The Brooke Shields photo debate: Is it pornography or just shite art?

It's the question that has got the art world buzzing and furiously musing over glasses of Viognier and nibbles. Does the photo of a naked ten-year old Brooke Shields constitue pornography or is it simply a piece of hack sensationalism that is frequently passed for art by braindead divs? The Chum Bucket asks for both sides of the debate with the columnist from The Daily You're Not From Around Here Are You? Carole Bismuth and artist and freelance crackwhore Dashiell Getarealjob taking up the challenge.

String the photo up says Carole Bismuth

First of all, I'll admit that it takes little to get me outraged. Every time I wake up and open the curtains, I am so appalled by what I see in the world that I spew invective at anyone I see. I then ask my maid, Zevitsa, to type up what I have screamed at her and formulate it into some sort of column.

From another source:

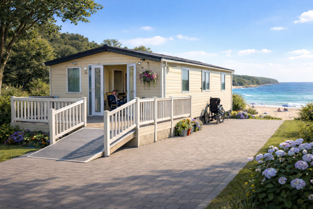 Arrival and Entry Step free access is supported via a ramp leading up to the main decking and entrance. Onsite parking is available nearby, with space that appears suitable for easier access on arrival. Internal Access Single level layout throughout, supporting ground floor living with no internal stairs. The main living area is open plan, which helps circulation and reduces tight pinch points. Bedrooms The property includes a double bedroom and a second bedroom arranged with twin beds, offering flexibility for families or carers. Bedrooms are on the same level as the living areas. Bathrooms and Wet Rooms Mobility friendly wet room with a level access shower and grab rails. The space appears open enough for assisted use and easier manoeuvring compared with a standard bathroom. Outdoor Access Private decking area accessed via the ramped approach. Outdoor space is level once on the decking and provides a comfortable area to sit outside and enjoy the coastal setting. Important Information Thresholds at external doors can vary, so guests who need completely flush access should confirm doorway thresholds in advance. As with all mobility friendly stays, suitability depends on individual needs, so discussing requirements before booking is recommended.

However, when I heard someone gossiping about what they had read about the reports of this controversy, my hackles were raised to such a degree that Zevitsa could not understand what I was saying and I had to be sedated. This isn't art at all. Constable, that's art. A picture of a village green in the 18th century, now that is saying something. It says things are so nice, why ask questions?

Today's artists have lost all sense of what they are supposed to do. Are they here to challenge people's views? Are they here to comment on society and its peculiar attitudes to children and sexuality? No. They are here to produce nice pictures that can hang on my wall so that when people come to my house, they can say "Oh, you've got such nice taste" and I can say "Yes, yes I have."

The photo must remain says Dashiell Getarealjob

What is art? Is it a painting? Is it a photo of a man playing Swingball with a potato? Is it the recreation of the Battle of Ypres using only dancing question marks? Is it an installation piece where a monkey learns to play the clarinet whilst three hundred mice are shot for treason? No, this is all borgeouis make-believe and highly silly.

The very essence of art is to feel, to experience a furious range of emotions and to question how much people are willing to pay for the corpses of three hundred mice and a woodwind-playing primate called Fizzy.

That is why I believe the photo must remain in the gallery. Because what is art if it does not question? What is art if it does not arouse in people the urge to say "That is child pornography, pure and simple and has no place in a gallery"? This is exactly the type of inciendary sensation that I will attempt to stir up with my next installation piece, Man Loitering In A Clump Of Bushes Next To A Spanish Language School. I will be that man.